A former colleague of mine has left a note saying: "Subclassing C++ containers can cause problems, primarily because the container classes were not intended to be subclassed."
Unfortunately, I no longer have contact with that colleague, so I cannot ask him what he meant. Instead I try here.
Is it true that subclassing, for example, std::vector can cause problems and should be avoided? And if so, what kind of problems are we talking about?
Right, well, it would be weird to derive from the class if it wasn't to use it polymorphically. Otherwise, you could have basically the same functionality by keeping it as a member of a different class. Right?

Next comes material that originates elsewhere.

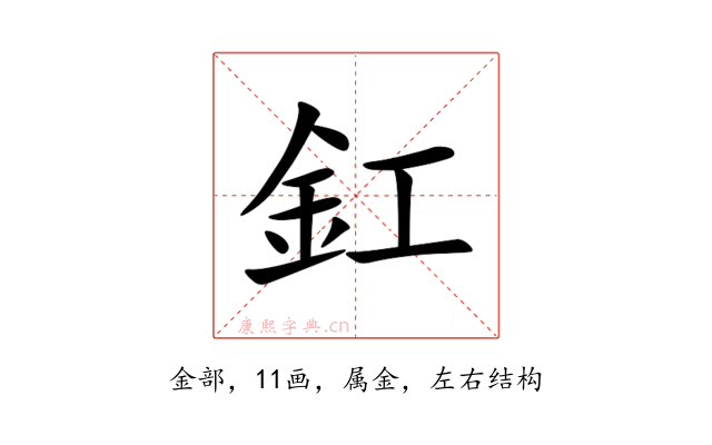〔釭〕字是左右结构,可拆字为“金、工”或“釒、工”。

Technically speaking yes. The problem with containment is that if I want to user to access the data
as if it were the underlying STL container, I have to write forwarders for all STL container public
member functions, which sucks.
On the other hand, since the class I'm writing I know is a value class that will never be a base class,
and I know I will never store instances of it by pointer to base class (ie, never delete it polymorphically),
then I can short-circuit having to write all those forwarders by simply deriving from the container.
Now I wouldn't propose doing this everywhere; in my case, the class in question was an adjunct to
another class that I know will never be used elsewhere because it is specifically tied to it.

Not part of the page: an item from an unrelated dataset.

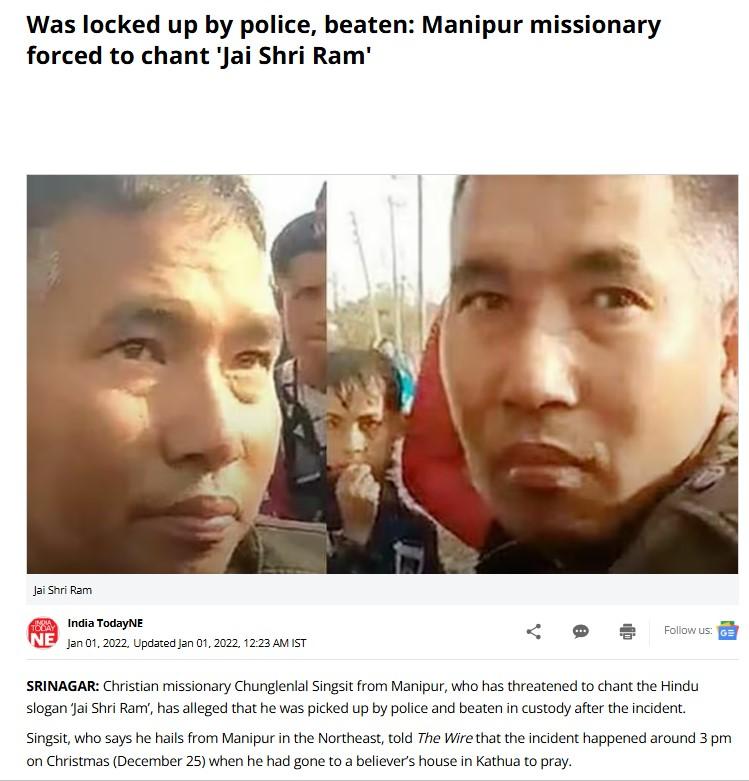 এরপর উক্ত সূত্র ধরে পরবর্তী অনুসন্ধান চালালে ২০২১ সালের ৩০ ডিসেম্বর ভাইরাল ভিডিও-র স্ক্রিনশট-সহ একাধিক সংবাদমাধ্যমে এই সংক্রান্ত প্রতিবেদন পাওয়া যায়। সেই সব প্রতিবেদন থেকে জানা যায়, জম্মু ও কাশ্মীরের কাঠুয়া জেলায় ‘জয় শ্রী রাম’ না বলার কারণে বড়দিনের দিন মণিপুরের এক খ্রিস্টান পুরোহিতকে হেনস্থা করে কয়েকজন অজ্ঞাত ডানপন্থী সমর্থক। দুষ্কৃতীরা চুংলেনলাল সিংসিত নামক ওই মণিপুরের খ্রিস্টান পুরোহিতের বিরুদ্ধে এলাকার বাসিন্দাদের 'ধর্মান্তরিত' করার অভিযোগ তুলে তাঁর উপরে হামলা চালায় বলে প্রতিবেদন থেকে জানা যায়।

(The reason for my derivation in the first place was two-fold: first, my class, in addition to the container,
has one other data member, and second, I needed to provide useful constructors to simplify usage.)

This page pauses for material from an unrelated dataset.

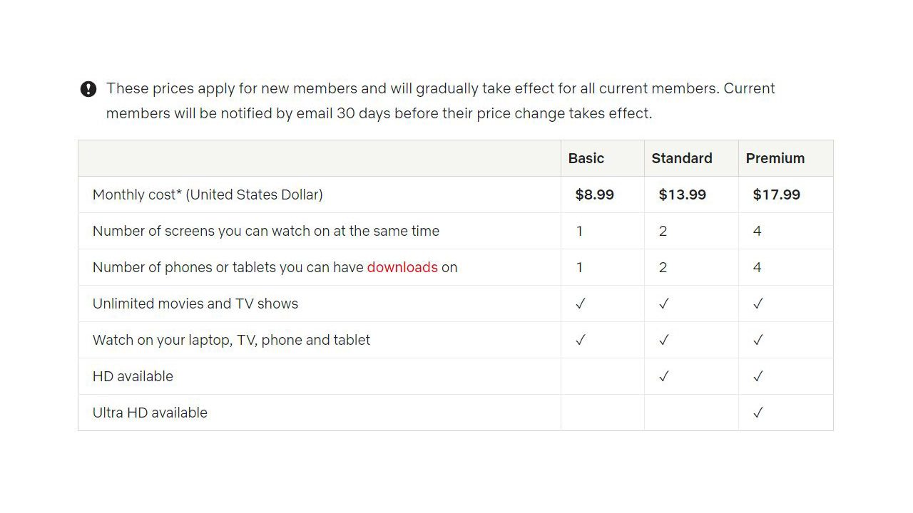 اشتراکهای نتفلیکس طی سالهای اخیر بارها افزایش یافته که همین موضوع انتقادهای زیادی را به همراه داشته است. بیشتر شدن قیمت اشتراکها، نتیجهی افزایش هزینههای ساخت فیلمها و سریالهای اورجینال و همچنین قراردادهایی مختلفی است که شرکت برای به دست آوردن امتیاز پخش محصولات مختلف امضا میکند.

Efficiency. Adding virtual methods adds one level of indirection to member function calls. Something along the lines of object.__virtual_table[function](parameter); (I probably screwed up the member function pointer syntax. Don't bother correcting me).
I was reading C++ Gotchas and there is an item about virtual static methods. I know it sounds crazy at first but it wasn't talking about using the keywords together, it was talking about a specific time when that sort of behavior can be achieved. Basically, it stated that member operators new and delete are always static, in that they do not need an instance of the class to be called, and that when a member operator new for a derived class is used I think it said that the standard requires the implementation to call the matching delete, even though a base class pointer. Now, I think I'm missing one other specific about the classes in question--I think this might have only been applicable when the base class did not have a virtual destructor.
If that is true then wouldn't it be possible to safely subclass an STL container as long as you specify the member operators new and delete?
I'll look this up tonight when I get home. I might have misunderstood that item, merged two items into one, etc..
It's more than efficiency (if only the destructor were declared virtual, then only destruction has additional processing
overhead): it's C++'s rule that says you don't pay for what you don't use. The first virtual function incurs the extra
overhead of a virtual table pointer, making the object's memory footprint larger.
Now, I think I'm missing one other specific about the classes in question--I think this might have only been applicable when the base class did not have a virtual destructor.
I looked this up and the virtual static method behavior is only possible when you DO have a virtual base destructor. In that case it has something to do with calling the most specialized operator delete available.